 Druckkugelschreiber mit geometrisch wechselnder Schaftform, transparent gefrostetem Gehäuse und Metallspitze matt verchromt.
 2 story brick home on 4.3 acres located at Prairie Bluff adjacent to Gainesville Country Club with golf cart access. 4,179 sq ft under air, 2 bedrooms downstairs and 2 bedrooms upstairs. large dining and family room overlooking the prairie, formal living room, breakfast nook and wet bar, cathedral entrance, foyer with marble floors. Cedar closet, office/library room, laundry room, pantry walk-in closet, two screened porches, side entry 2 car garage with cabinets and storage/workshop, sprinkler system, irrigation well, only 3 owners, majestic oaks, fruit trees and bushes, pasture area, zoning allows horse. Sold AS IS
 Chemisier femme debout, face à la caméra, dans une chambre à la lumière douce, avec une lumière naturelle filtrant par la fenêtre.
* * *
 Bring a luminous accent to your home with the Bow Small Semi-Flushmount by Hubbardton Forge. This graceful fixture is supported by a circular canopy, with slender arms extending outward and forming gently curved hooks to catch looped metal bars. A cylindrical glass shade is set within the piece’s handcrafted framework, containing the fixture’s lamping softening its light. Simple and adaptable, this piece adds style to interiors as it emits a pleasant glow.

WHAT YOU WILL DO:
Each line in the listing above from the one containing "2 story brick" through the one containing "Chemisier femme debout, face" should be repeated exactly, and no other line.

SOLVED EXERCISE:
 2 story brick home on 4.3 acres located at Prairie Bluff adjacent to Gainesville Country Club with golf cart access. 4,179 sq ft under air, 2 bedrooms downstairs and 2 bedrooms upstairs. large dining and family room overlooking the prairie, formal living room, breakfast nook and wet bar, cathedral entrance, foyer with marble floors. Cedar closet, office/library room, laundry room, pantry walk-in closet, two screened porches, side entry 2 car garage with cabinets and storage/workshop, sprinkler system, irrigation well, only 3 owners, majestic oaks, fruit trees and bushes, pasture area, zoning allows horse. Sold AS IS
 Chemisier femme debout, face à la caméra, dans une chambre à la lumière douce, avec une lumière naturelle filtrant par la fenêtre.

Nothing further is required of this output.